Derap Pangkat sebagai Amanah, Bukan Sekadar Simbol
Kenaikan pangkat yang kini disandang Aipda Dwi bukanlah sekadar tambahan tanda pangkat di pundak. Ia adalah simbol perjalanan panjang hampir dua dekade pengabdian - dari medan berat Brimob hingga garis depan Resmob Polres Blora - yang diukir dengan rekam jejak bersih tanpa cela. Sebagaimana pesan yang ditekankan dalam malam puncak peringatan Hari Bhayangkara ke-80, kenaikan pangkat bukanlah hadiah yang jatuh begitu saja, melainkan buah dari loyalitas, kerja keras, dan integritas yang tak tergoyahkan.
Momen sakral penyalaan obor dan api unggun dalam rangkaian acara tersebut menjadi renungan mendalam: bahwa setiap derap kenaikan pangkat adalah janji baru untuk terus melayani, melindungi, dan mengayomi masyarakat dengan sepenuh hati. Di tengah gelap malam yang diterangi obor, Aipda Dwi dan seluruh personel Polres Blora diajak untuk terus merefleksikan hakikat pengabdian - bahwa Polri adalah milik masyarakat dan untuk masyarakat.

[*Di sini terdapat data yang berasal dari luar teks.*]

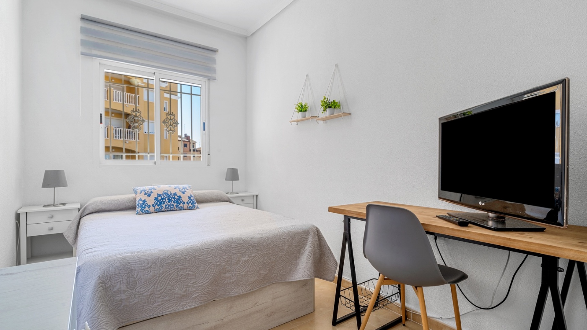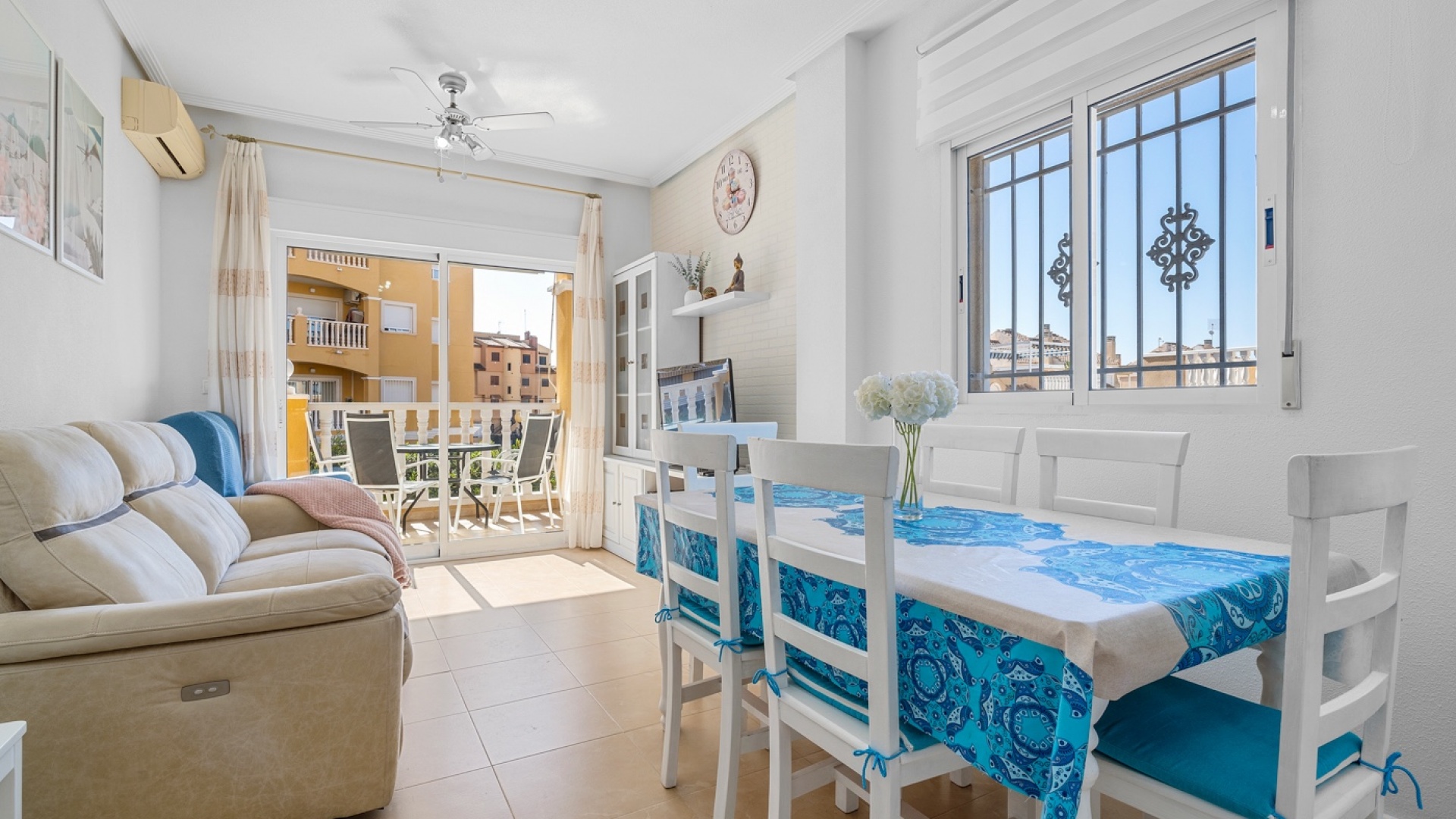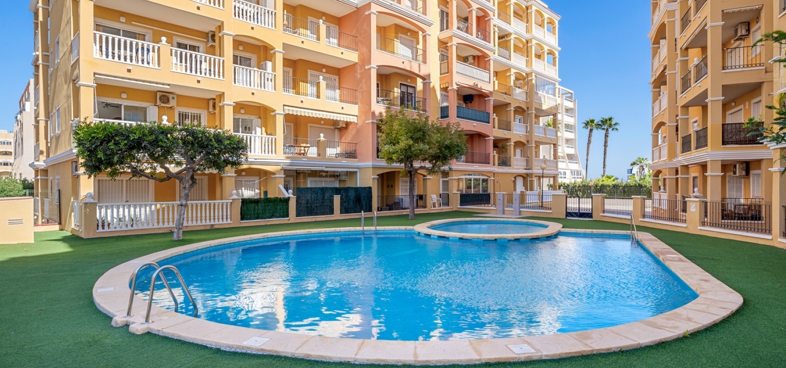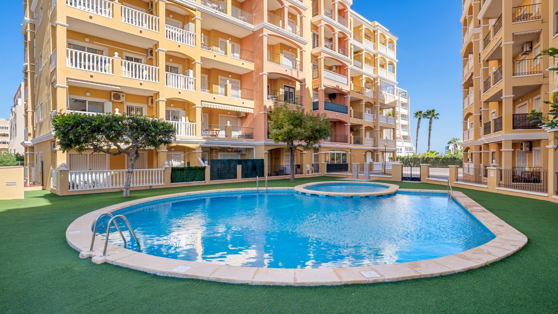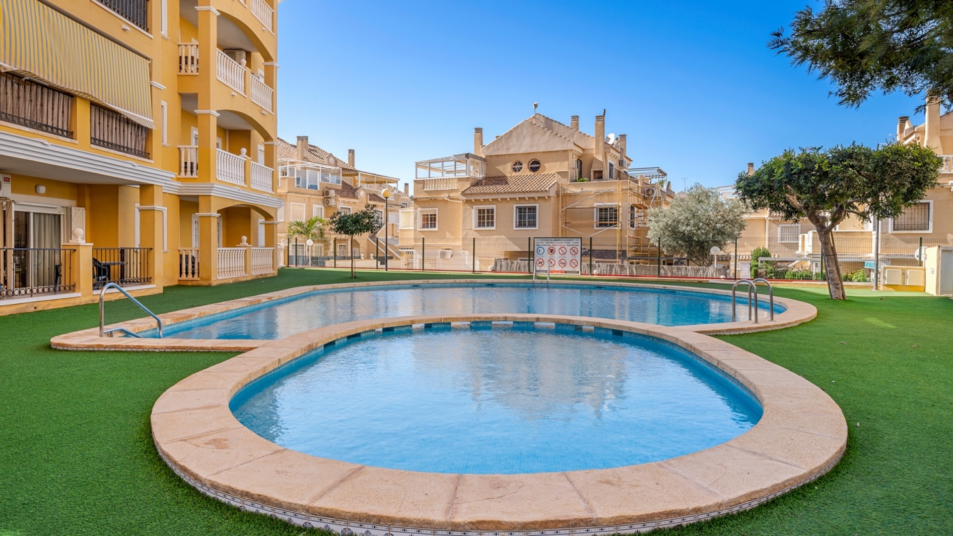 Dieses helle und einladende Apartment im ersten Stock mit 3 Schlafzimmern und 2 Bädern liegt nur 500 Meter vom goldenen Sandstrand von La Mata entfernt und ist eine fantastische Gelegenheit für alle, die ein Zuhause in erstklassiger Küstenlage suchen. Egal, ob Sie einen dauerhaften Wohnsitz, ein Feriendomizil oder eine kluge Investition suchen, diese Immobilie bietet die perfekte Balance aus Komfort, Bequemlichkeit und mediterranem Charme. Das Apartment verfügt über einen geräumigen und gut beleuchteten Wohnbereich, der sich ideal zum Entspannen oder Unterhalten eignet. Die Küche ist voll ausgestattet und funktional und bietet viel Stauraum und Arbeitsfläche. Jedes der drei Schlafzimmer ist großzügig bemessen und bietet eingebauten Stauraum und eine friedliche Atmosphäre, während die beiden Badezimmer für Familien oder Gäste praktisch sind. Dieses Haus ist Teil einer gepflegten Anlage mit einem schönen Swimmingpool, in dem Sie sich in den warmen Sommermonaten abkühlen können. Darüber hinaus ist ein privater Parkplatz inbegriffen, was den Komfort dieser fantastischen Residenz noch erhöht. Mit zahlreichen Annehmlichkeiten, die nur einen kurzen Spaziergang entfernt sind – darunter Supermärkte, Restaurants, Cafés und öffentliche Verkehrsmittel – haben Sie alles, was Sie brauchen, in Reichweite. Die pulsierende Stadt Torrevieja ist nur wenige Autominuten entfernt und bietet noch mehr Einkaufs-, Speise- und Unterhaltungsmöglichkeiten. Verpassen Sie nicht Ihre Chance, ein atemberaubendes Apartment in einer der begehrtesten Gegenden der Costa Blanca zu besitzen. Egal, ob Sie einen Zufluchtsort an der Küste oder eine clevere Investition suchen, dieses Haus ist ein Muss! IBI 162 € PRO JAHR GEMEINSCHAFTSGEBÜHR 450 € PRO JAHR

Bagi Aipda Dwi Wahyudi Puji Susanto, S.H., pangkat baru adalah amanah baru. Dengan obor pengabdian yang tak pernah padam, ia terus melangkah di garis depan—membawa nama baik institusi, membawa harapan keluarga, dan membawa kedamaian bagi seluruh bumi Blora yang ia cintai. Pengabdian seorang polisi sejati tak pernah berhenti; ia hanya terus berdenyut, makin kuat seiring waktu.